初めてレコーディングをしてから6日が経ったが、私はベースの練習を程々にダンスに邁進していた。

毎日楽器屋RACKのレコーディングスタジオに通いダンスを練習している。

そしてついに、選抜全ポジション分のダンスを覚えきったのだ。

ただ、覚えただけでまだ完成度は納得いく様なレベルではない。

だが、とりあえずひと段落ついたという気持ちはあった。


「嬢ちゃんそろそろ締めるからあがってくれ」

毎日の様に店長に急かされ後片付けをする。

そして、1階に戻るとコーヒーの匂いが私を包んでくれる。


「今日は味をちょっと変えてみたが、分かるか?」

帰る前に1杯分のコーヒーを楽しむ。

最近の習慣になっていた。


「少し後味が残る感じしますね!こっちの方が好きかもしれません」

相変わらず角砂糖を2つ入れないとコーヒーを飲めない私。

まだまだ、コーヒーの本当の美味しさを知るには実力不足だ。


「あたりだ!嬢ちゃんコーヒー淹れるセンスあるかもな」

話す事は大体こんな感じで、そんなに深い話はしていない。

美味しいバームクーヘンもついに最後の一切れとなり、少し寂しさを感じながらかじる。

ゆったりとした時間に浸かれるこの空間は好きだ。


明日には本番のレコーディングをするのに、正直身が入っていない。

2人の自分が答えを出すのを拒んでいるからだ。

自然とため息がでる。


「嬢ちゃん見てると面白いよな。
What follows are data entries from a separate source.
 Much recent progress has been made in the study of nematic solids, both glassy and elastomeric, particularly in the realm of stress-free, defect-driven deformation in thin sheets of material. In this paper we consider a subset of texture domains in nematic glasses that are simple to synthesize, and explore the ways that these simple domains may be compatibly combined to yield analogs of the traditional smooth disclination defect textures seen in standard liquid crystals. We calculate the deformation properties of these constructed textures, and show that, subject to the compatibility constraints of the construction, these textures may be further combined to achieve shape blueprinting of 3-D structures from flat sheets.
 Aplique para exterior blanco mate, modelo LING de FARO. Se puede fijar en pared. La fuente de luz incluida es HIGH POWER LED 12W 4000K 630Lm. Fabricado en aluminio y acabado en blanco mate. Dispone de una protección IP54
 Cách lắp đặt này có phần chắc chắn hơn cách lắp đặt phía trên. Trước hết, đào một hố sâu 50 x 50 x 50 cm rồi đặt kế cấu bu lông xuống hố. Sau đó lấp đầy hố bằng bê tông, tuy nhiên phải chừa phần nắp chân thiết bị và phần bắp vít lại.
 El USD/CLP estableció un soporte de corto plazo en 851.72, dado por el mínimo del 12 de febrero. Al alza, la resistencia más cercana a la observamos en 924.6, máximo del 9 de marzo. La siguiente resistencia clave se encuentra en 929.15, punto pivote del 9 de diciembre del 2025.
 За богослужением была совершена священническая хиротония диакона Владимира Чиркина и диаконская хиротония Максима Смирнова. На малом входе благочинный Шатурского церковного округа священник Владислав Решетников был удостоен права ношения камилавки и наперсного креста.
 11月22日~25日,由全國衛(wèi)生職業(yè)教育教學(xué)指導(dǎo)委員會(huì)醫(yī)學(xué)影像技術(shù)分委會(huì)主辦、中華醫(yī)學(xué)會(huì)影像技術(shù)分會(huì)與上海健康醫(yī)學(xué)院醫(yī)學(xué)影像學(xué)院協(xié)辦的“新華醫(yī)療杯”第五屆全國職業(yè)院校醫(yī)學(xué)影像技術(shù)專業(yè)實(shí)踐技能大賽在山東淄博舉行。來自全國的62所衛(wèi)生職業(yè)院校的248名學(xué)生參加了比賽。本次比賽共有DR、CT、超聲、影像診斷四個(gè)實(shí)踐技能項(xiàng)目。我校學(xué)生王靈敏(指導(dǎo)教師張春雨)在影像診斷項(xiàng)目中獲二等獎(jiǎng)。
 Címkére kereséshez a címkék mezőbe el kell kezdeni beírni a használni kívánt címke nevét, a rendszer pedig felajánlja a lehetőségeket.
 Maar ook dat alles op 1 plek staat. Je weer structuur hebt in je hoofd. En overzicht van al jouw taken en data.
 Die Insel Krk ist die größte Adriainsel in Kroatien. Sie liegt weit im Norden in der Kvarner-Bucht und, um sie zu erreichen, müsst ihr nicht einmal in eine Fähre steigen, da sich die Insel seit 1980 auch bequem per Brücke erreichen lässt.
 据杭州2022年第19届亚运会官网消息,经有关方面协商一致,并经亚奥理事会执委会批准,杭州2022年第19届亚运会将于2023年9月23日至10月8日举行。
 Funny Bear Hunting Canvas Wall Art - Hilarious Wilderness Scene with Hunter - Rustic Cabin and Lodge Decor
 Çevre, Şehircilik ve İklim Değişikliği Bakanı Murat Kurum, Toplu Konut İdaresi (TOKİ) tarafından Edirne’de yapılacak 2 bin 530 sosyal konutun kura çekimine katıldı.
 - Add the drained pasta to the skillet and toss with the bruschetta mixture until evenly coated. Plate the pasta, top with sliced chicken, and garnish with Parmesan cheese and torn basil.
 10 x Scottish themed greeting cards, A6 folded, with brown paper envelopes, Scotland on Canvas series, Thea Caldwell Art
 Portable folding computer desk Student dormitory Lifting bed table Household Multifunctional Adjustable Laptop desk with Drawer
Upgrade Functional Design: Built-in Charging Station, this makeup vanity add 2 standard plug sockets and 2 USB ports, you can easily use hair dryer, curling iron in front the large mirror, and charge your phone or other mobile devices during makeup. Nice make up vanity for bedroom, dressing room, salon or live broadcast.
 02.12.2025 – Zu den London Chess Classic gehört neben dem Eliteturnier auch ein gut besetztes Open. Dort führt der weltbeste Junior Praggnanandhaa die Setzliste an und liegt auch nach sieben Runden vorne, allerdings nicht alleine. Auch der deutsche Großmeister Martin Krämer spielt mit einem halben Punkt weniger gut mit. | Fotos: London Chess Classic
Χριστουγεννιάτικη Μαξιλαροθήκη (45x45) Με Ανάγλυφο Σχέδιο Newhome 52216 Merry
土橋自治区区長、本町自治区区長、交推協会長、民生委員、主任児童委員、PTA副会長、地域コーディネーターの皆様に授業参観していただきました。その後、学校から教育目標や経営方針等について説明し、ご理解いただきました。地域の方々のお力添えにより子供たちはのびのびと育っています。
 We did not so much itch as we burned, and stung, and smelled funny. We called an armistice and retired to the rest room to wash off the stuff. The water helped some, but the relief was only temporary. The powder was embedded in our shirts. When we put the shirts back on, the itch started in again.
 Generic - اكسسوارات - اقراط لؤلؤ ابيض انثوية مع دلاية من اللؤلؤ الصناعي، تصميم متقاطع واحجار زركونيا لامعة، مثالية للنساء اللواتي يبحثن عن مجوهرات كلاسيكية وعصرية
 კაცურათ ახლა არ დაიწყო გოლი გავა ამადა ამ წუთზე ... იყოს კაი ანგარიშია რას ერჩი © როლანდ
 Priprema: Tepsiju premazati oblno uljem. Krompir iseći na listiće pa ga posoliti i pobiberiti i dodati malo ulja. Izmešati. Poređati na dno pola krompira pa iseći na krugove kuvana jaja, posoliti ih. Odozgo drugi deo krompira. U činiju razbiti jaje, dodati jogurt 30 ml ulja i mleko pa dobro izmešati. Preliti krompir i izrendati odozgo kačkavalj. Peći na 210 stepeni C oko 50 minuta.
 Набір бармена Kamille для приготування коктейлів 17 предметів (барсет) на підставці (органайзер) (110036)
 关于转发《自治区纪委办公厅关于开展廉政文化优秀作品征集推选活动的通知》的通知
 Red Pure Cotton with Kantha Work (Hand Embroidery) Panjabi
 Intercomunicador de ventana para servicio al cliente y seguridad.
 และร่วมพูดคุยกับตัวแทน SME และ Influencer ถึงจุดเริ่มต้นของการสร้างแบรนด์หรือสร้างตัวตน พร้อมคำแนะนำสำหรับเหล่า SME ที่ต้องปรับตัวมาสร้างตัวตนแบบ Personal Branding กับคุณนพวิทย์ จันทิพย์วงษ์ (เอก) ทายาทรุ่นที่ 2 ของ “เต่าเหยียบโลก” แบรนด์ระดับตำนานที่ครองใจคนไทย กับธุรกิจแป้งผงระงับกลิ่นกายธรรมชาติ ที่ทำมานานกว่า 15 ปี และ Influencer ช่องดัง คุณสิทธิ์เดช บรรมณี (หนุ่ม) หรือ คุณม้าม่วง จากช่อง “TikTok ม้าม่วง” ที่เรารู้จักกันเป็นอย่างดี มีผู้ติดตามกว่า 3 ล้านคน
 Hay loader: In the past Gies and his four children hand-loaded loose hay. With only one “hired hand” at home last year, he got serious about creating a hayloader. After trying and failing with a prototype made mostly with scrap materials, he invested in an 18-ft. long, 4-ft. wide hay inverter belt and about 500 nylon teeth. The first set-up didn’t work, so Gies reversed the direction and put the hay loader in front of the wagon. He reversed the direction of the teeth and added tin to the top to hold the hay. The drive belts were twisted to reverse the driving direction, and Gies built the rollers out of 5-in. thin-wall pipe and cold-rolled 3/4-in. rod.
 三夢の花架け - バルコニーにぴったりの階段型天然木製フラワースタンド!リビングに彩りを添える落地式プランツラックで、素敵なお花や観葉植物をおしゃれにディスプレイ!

下でなんかやってる間は鬼みたいな顔してるのに、バームクーヘン摘んでる間は子供みたいに嬉しそうな顔してるもんな」

店長もバームクーヘンを食べながら、私をからかう。

自分では顔を見ていないから分からないが、多分顔は真っ赤に染まっているはずだ。


「ベース弾いてる時は、常に怖い顔してると思ってたがレコーディングしてる時はいい顔してた。嬢ちゃんは誰をイメージしながら弾いてたんだ?」

店長はコーヒーをすすりながら私の顔をみる。

その顔は優しくも真っ直ぐ私の目を見つめていた。